Note: The summary below reflects the provisions as stated in the bill text available at the time of introduction. If amended, provisions may change.

Purpose and Intent

  • To modify licensing standards or processes for physicians considered eminent within the medical field.
  • To address potential barriers to licensure or ongoing practice for highly qualified or distinguished physicians.
  • To align state licensing processes with current professional standards or workforce needs in medicine.

Key Provisions (Provision Highlights — As Introduced)

The following items are typical categories you would expect to see in a bill of this nature. Please refer to the official bill text for exact language and any deviations from this outline.

  • Definition and Eligibility Criteria

    • Establish or revise criteria for what constitutes an “eminent physician.”
    • Specify qualifications, credentials, or demonstrated exemplary service that qualify a physician for altered licensing requirements.
  • Licensing Pathways and Standards

    • Create or modify pathways for licensure, relicensure, or credential recognition for eminent physicians.
    • Adjust prerequisites such as education, board certification, continuing medical education (CME), or professional conduct standards.
    • Potentially reduce or streamline certain steps (e.g., exams, supervised practice requirements) for eminent physicians, while preserving core licensure protections.
  • Credential Recognition and Practice Rights

    • Clarify how eminent physicians’ credentials from other jurisdictions are to be evaluated.
    • Determine whether eminent physicians can practice with certain limitations, exemptions, or in specific settings (e.g., telemedicine, certain specialties, or underserved areas).
  • Oversight and Compliance

    • Impose reporting, record-keeping, or renewal requirements specific to eminent physicians.
    • Establish state medical board or department oversight mechanisms to monitor compliance.
  • Effective Dates and Transitional Provisions

    • Include dates when new provisions take effect.
    • Address transition for physicians currently in the licensure process or already practicing.

Who Is Affected

  • Physicians deemed eminent or eligible under the new criteria who would be subject to revised licensing requirements or streamlined processes.
  • Medical boards and licensing authorities responsible for issuing and renewing medical licenses.
  • Hospitals, clinics, and healthcare systems that employ or contract with eminent physicians, potentially affecting credentialing workflows.
  • Patients and the public who may experience changes in access to physician services, particularly if streamlined licensing affects workforce supply or specialty care availability.

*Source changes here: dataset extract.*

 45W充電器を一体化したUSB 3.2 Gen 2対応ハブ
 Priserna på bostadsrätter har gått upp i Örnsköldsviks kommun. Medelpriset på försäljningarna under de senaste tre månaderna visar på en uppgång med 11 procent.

Procedural and Timeline Considerations

  • Introduction and First Reading: 2026-04-09
  • Committee Referral: Health and Human Services (to review, amend, and report)
  • Next Steps: If advanced, the bill would move through additional committee hearings, potential amendments, floor debate, and votes in the Senate. A companion bill or differing provisions in related measures may affect alignment with the House.

  • Effective Dates: Expected to specify when new licensing provisions become operative (e.g., upon enactment or a future date), with potential transitional rules for current applicants or physicians.

Potential Impacts

  • Could reduce barriers for highly qualified physicians to obtain licensure or practice in Minnesota, aiding workforce capacity.
  • May introduce new criteria to protect patient safety while expediting access to eminent physicians.
  • Administrative changes could affect licensure timelines, renewal cycles, and credential verification processes.

Observation

At this stage, the bill’s exact language is not provided in the summary. Readers should consult the official bill text for precise definitions, criteria, and procedural details once available, as well as any fiscal notes or committee amendments that may accompany subsequent actions.

Compiled from official sources — confirm details with the bill’s official record.